Rightfully so. The culture of the site had created a loyal community of users. Its members had a sense of belonging. So, for example, when the founders put up on the site a virtual donation box to buy a server, they quickly raised the money and bought a server to process the 3 terabytes (or 3,000 gigabytes) of information they were going through each month. But, of course, even that increased capacity proved insufficient.

As Unebasami and Nakagawa considered their next move, something unexpected happened. In April 2007, the national recall of tainted pet food prompted the founders to provide its users with a link to a pet-related Web site for more information. “We figured our users might have pets,” Unebasami explains. The link caused a spike in traffic to the site owned by another 20-something, Ben Huh. Huh, the owner of Pet Holdings Inc., began talking with Nakagawa and Unebasami. Huh’s site was making solid ad revenue with significantly less traffic than ICanHasCheezburger’s, Nakagawa explains.

Huh and his investors raised the capital and bought ICanHasCheezburger.


Captions should be misspelled and use poor grammar. The idea is to imitate how a cat might spell. In addition, the captions at times mimic the dialogue of online gamers. But regardless of the background, just about anyone finds them funny.

Wat Weh Can Learnz

To understand LOLcats and the success of the Web site, Huh, a Seattle-based entrepreneur, says you have to start by talking about the industrial revolution. Silly cat photos and one of the epochal events in modern human history? He’s not kidding.

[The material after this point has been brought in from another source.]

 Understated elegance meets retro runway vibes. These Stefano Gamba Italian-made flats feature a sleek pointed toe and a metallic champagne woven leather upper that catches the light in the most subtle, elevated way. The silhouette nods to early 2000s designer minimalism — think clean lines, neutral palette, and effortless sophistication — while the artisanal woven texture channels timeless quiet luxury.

“From the start of the industrial revolution, mass production has been the rule of the day. But with the information age, that changed. With the information age came the importance of being passionate. Today, people brew wine in their basements. They want to create, make something unique and different. Something that was missing in mass production: Self-expression,” Huh says.

“People are starting to be craftsmen again,” he says. “LOLcats is ‘I want to be a craftsman.’”

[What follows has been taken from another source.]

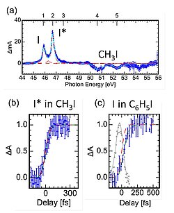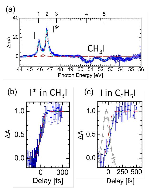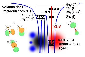 In dem von Drescher et al. am MBI ausgeführten Experiment wurde die Photodissoziation von Iodmethan (CH3I) und Iodbenzol (C6H5I) mittels transienter XUV-Absorptionsspektroskopie untersucht (siehe Abb. 2). Diese beiden Moleküle unterscheiden sich durch den Bindungspartner des Iodatoms; in einem Falle ist dies eine Methylgruppe (CH3), im anderen Falle eine Phenylgruppe mit dem charakteristischen Kohlenstoffring (C6H5). Absorption eines UV-Femtosekundenpulses führt zum Brechen der Bindung zwischen dem Iod- und dem benachbarten Kohlenstoffatom und damit zur Erzeugung von atomarem Iod. Untersucht wurde dies durch Absorption an der N4,5-Kante des Iodatoms. In beiden Molekülen verschwinden die molekularen Kern-Valenzschalenübergänge bei UV-Absorption innerhalb der experimentellen Zeitauflösung. Die zum atomaren Iod hin konvergierenden Übergänge erscheinen unverzüglich im Falle von CH3I, jedoch zeitverzögert im Falle von C6H5I. Im Falle von CH3I wurde diese Beobachtung als die UV-Erzeugung einer Vakanz in der Valenzschale interpretiert, die in der Nähe des Iodatoms lokalisiert ist. Damit ergibt sich eine hohe Wahrscheinlichkeit für einen XUV-Übergang aus dem Kernzustand des Iodatoms. Das Experiment zeigt, wie die Valenzschale während der Dissoziation des Moleküls relaxiert. Dabei wird eine kontinuierliche Verschiebung der Übergangsenergie der zum atomaren Iod hin konvergierenden Übergänge gemessen. In Falle von C6H3I hingegen weist das zeitverzögerte Erscheinen der Absorptionsübergänge auf eine UV-erzeugte Vakanz hin, die ursprünglich innerhalb des Moleküls räumlich entfernt vom Iod-Reporteratom lokalisiert ist. Damit ist die Wahrscheinlichkeit für einen Kern-Valenzschalenübergang gering. Die Vakanz muss zuerst durch das Molekül wandern, bevor sie beobachtet werden kann. Dieses Verhalten ist der dominanten π → σ* UV-Anregung in Iodbenzol zuzuschreiben, eine Folge des charakteristischen delokalisierten Elektronensystems im Kohlenstoffring.

Huh is talking about the need for businesses today to embrace their customer base or “community” as a core tenet of doing business. Gone are the days of delivering a product and ending the relationship until the next transaction. “You have to take down the wall between business and community,” he says. “You have to make them feel like this [your business] is a place they belong.” This is new commerce in a nutshell. People want to participate; whether it is sharing thoughts about their hotel stay or a treat for their pet or a recipe, businesses are growing on the interaction with their customers.

Huh adds that this doesn’t just mean online. Take the make-your-own yogurt phenomenon. “That is a brick-and-mortar example of what we do,” Huh says. “They have a system that is so simple. You add topping and discuss what you like with your friends,” he says. What does that produce? Not just loyal customers, but immense person-to-person marketing power. Put it this way: Has anyone told you about Yogurtland in Manoa yet?

“We don’t spend a dime on marketing,” he adds.

That doesn’t mean it is easy, says Hong-Mei Chen, professor of Information Technology Management at University of Hawaii at Manoa’s Shidler School of Business. To build communities effectively, a company must recognize that, without its customers, it has no Web site, Chen says. “Also, without customer loyalty, it is just another company.”